When giving a response, please be very specific as to the proportions of what should be added, when, and how fast. I also would like to know if it's a fast or slow reaction, whether I could do it in a rural neighborhood at 3am or go rent some wooded property in east bumscrew. If two reactions need be performed, say, leeching first, followed by refining second, let me know, and please, be very specific including all stoichiometry. Thank you in advance. That said, this is what I have to work with:


15 Gallons of 34% HCl
6 Liters of pure sulfuric acid
8.5 L of pure nitric acid
5 lbs urea pellets
+/- 5 lbs of Sodium metabisulfite (SMB)
Plenty of clean ten gallon buckets and lids, one electric hot plate, pyrex flasks (30?) or so......

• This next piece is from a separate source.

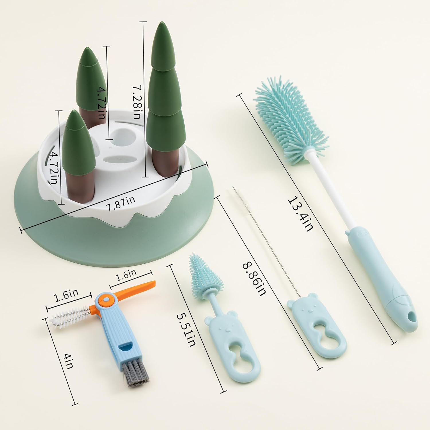 Baby Bottle Drying Rack and Cleaning Set, with Straight Silicone Baby Bottle Brush, Pacifier Brush, Straw Brush, Cup Lid Cleaning Brush, 2025 Xmas Holiday Surprise Gift for Newmom, Z Blue

Please. Bestow some knowledge upon me. -Ty


----------



## rusty (Jun 30, 2011)

Trilly said:


> Okay,
> 
> Here's the situation. I have a few hundred lbs of high yield ore. I want to refine it into gold dust in the best way possible. It has tested positive for gold, some has tested really high for gold. I could use not only some stoichiometry help,but some advice on how best to do this. I also need to know if I could get away with doing this in my neighborhood at night, or whether I should do it in the woods. I own a viable brand new Israeli issue gas mask & filter and level 5 chem suit, chem gloves, the whole bit.
> 
> ...



We will not give counsel to breaking local ordinances, build a fume hood with a scrubber to control the fumes. Suggested reading material, Hokes Refining Precious Metals Wastes.

Welcome to the forum.
Rusty


----------



## nickvc (Jun 30, 2011)

Way to little information as what exactly your ores are made up of, how have you tested your ore? Assays or dissolution of samples?
The best person to help is probably Richard our resident rockman but he will need photos or full assays to be able to advise you.
Ores can be one of the hardest things for an amateur to refine due to the form the metals are in and the other elements in the mix can cause major problems and even extreme dangers.
Unless you have full information as to exactly what your dealing with I would advise caution.
I wish you luck but be careful!


----------



## Sodbuster (Jun 30, 2011)

Sorry I can't help you, but questions pertaining to ores will likely get more response in the proper heading. 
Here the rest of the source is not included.